Try it.
Copy out the lines of the records below, and only those lines, from the one with "In this digital" through the one with "Diese exklusive Wohnbaueinheit", exactly as they appear.

*** Task material ***

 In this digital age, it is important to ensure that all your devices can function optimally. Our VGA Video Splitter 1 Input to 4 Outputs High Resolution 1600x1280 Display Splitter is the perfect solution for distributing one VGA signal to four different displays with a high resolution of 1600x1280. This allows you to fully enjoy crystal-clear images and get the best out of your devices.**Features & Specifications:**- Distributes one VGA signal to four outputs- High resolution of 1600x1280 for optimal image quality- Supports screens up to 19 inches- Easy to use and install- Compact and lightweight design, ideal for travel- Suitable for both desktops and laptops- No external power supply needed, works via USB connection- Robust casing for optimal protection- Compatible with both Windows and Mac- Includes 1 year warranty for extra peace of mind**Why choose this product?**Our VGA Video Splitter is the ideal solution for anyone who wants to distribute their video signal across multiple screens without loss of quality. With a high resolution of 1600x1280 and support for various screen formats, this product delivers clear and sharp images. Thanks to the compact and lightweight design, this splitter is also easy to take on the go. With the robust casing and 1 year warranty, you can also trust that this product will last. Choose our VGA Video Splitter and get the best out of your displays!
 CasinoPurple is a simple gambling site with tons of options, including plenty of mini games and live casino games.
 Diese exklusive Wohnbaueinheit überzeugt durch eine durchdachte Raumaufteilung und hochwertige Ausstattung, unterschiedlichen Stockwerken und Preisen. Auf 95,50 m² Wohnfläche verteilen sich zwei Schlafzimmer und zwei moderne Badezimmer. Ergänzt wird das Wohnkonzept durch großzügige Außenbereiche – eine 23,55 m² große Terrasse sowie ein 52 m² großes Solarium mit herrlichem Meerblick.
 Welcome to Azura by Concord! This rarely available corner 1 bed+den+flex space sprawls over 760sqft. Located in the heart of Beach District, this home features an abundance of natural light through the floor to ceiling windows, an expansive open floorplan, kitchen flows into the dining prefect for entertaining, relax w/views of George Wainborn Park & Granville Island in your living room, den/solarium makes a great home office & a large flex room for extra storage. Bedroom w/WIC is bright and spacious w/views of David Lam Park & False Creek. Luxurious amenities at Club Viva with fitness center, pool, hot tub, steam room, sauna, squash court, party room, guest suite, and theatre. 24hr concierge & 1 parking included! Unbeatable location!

*** End of Task material ***
*** Task material ***

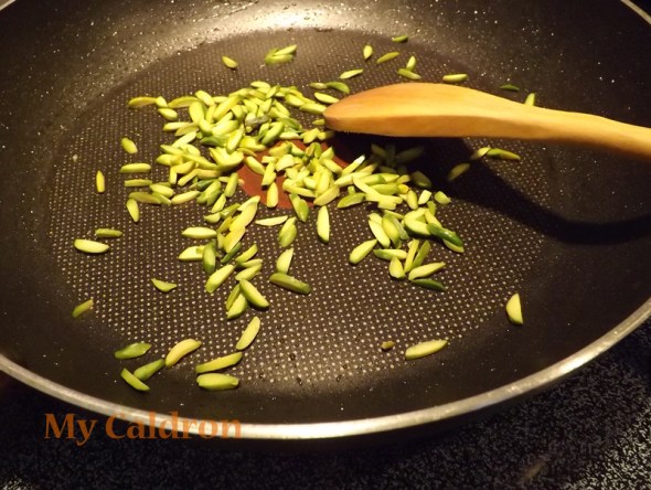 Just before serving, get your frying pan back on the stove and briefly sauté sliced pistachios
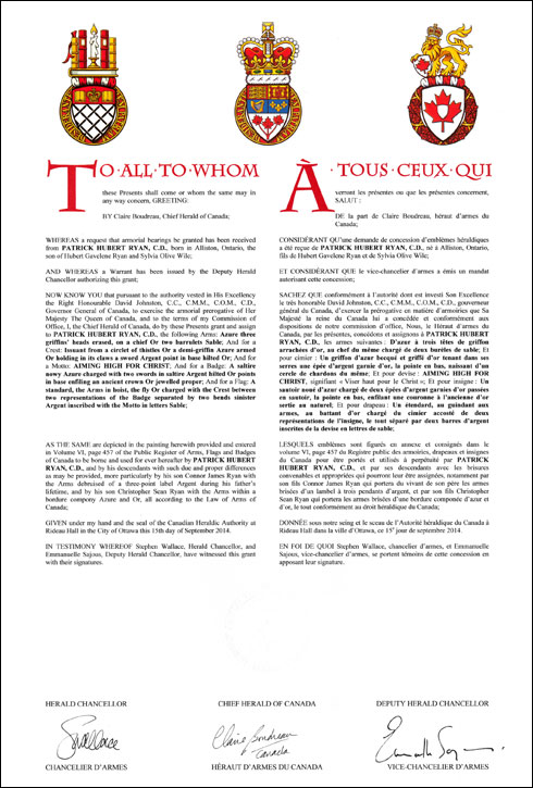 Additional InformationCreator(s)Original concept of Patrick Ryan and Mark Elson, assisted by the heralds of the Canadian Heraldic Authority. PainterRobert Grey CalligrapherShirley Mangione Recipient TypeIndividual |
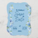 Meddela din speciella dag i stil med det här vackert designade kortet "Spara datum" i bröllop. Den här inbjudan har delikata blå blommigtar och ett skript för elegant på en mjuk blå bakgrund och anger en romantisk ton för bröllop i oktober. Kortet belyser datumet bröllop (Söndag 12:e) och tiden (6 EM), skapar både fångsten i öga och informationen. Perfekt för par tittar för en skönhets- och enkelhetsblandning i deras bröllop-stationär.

*** End of Task material ***

Exercise solution.
 In this digital age, it is important to ensure that all your devices can function optimally. Our VGA Video Splitter 1 Input to 4 Outputs High Resolution 1600x1280 Display Splitter is the perfect solution for distributing one VGA signal to four different displays with a high resolution of 1600x1280. This allows you to fully enjoy crystal-clear images and get the best out of your devices.**Features & Specifications:**- Distributes one VGA signal to four outputs- High resolution of 1600x1280 for optimal image quality- Supports screens up to 19 inches- Easy to use and install- Compact and lightweight design, ideal for travel- Suitable for both desktops and laptops- No external power supply needed, works via USB connection- Robust casing for optimal protection- Compatible with both Windows and Mac- Includes 1 year warranty for extra peace of mind**Why choose this product?**Our VGA Video Splitter is the ideal solution for anyone who wants to distribute their video signal across multiple screens without loss of quality. With a high resolution of 1600x1280 and support for various screen formats, this product delivers clear and sharp images. Thanks to the compact and lightweight design, this splitter is also easy to take on the go. With the robust casing and 1 year warranty, you can also trust that this product will last. Choose our VGA Video Splitter and get the best out of your displays!
 CasinoPurple is a simple gambling site with tons of options, including plenty of mini games and live casino games.
 Diese exklusive Wohnbaueinheit überzeugt durch eine durchdachte Raumaufteilung und hochwertige Ausstattung, unterschiedlichen Stockwerken und Preisen. Auf 95,50 m² Wohnfläche verteilen sich zwei Schlafzimmer und zwei moderne Badezimmer. Ergänzt wird das Wohnkonzept durch großzügige Außenbereiche – eine 23,55 m² große Terrasse sowie ein 52 m² großes Solarium mit herrlichem Meerblick.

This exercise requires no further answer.